Here the job is to copy the data exactly and to exclude every image from it.

• [Data segment]
· · · · · · ·

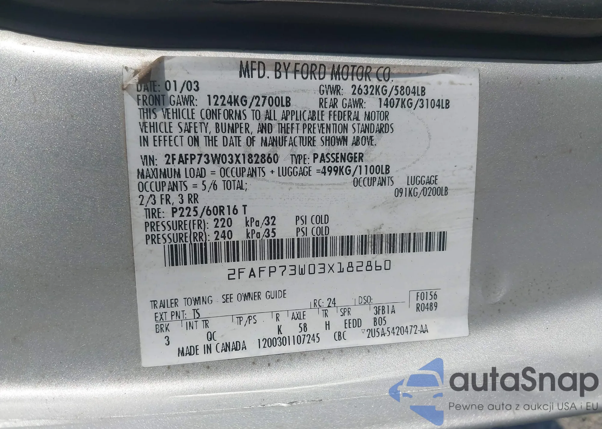 LOT: 42479350 VIN: 2FAFP73W03X182860
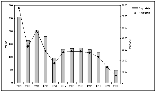 Productiile medii instabile si extrem de necompetitive comparativ cu potentialul acestei culturi (randamentele scazute de circa 20 t/ha sunt de 1,6-2 ori mai reduse decat cele obtinute in majoritatea tarilor CEFTA si de 2,5-3,3 ori mai mici decat in tarile U.E.) au avut drept rezultat o scadere dramatica a productiei totale.
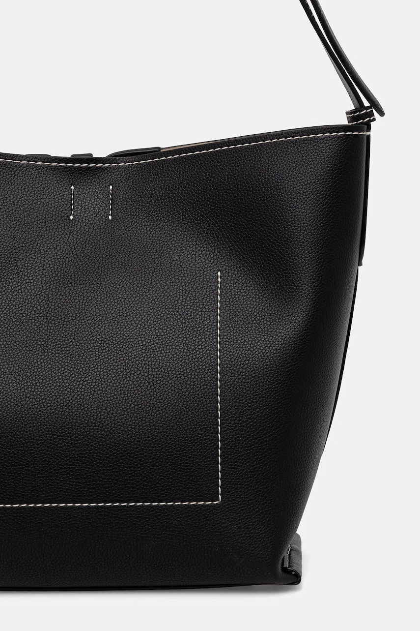 - Zapięcie na magnes. - Model bez podszewki. - Wewnętrzna, wsuwana kieszeń, która ułatwia bezpieczne przechowywanie telefonu lub innych drobiazgów. - Wypinana komora z podszewką, zapinana na suwak. - Nieodpinany pasek z regulacją. - Model wyposażony w nóżki, które zabezpieczają spód torebki. - Długość minimalna paska: 58 cm. - Długość maksymalna paska: 72 cm. - Głębokość: 13 cm. - Wysokość: 29 cm. - Szerokość u podstawy: 26 cm.

· · · · · · ·

• [Result]
 LOT: 42479350 VIN: 2FAFP73W03X182860
 Productiile medii instabile si extrem de necompetitive comparativ cu potentialul acestei culturi (randamentele scazute de circa 20 t/ha sunt de 1,6-2 ori mai reduse decat cele obtinute in majoritatea tarilor CEFTA si de 2,5-3,3 ori mai mici decat in tarile U.E.) au avut drept rezultat o scadere dramatica a productiei totale.
 - Zapięcie na magnes. - Model bez podszewki. - Wewnętrzna, wsuwana kieszeń, która ułatwia bezpieczne przechowywanie telefonu lub innych drobiazgów. - Wypinana komora z podszewką, zapinana na suwak. - Nieodpinany pasek z regulacją. - Model wyposażony w nóżki, które zabezpieczają spód torebki. - Długość minimalna paska: 58 cm. - Długość maksymalna paska: 72 cm. - Głębokość: 13 cm. - Wysokość: 29 cm. - Szerokość u podstawy: 26 cm.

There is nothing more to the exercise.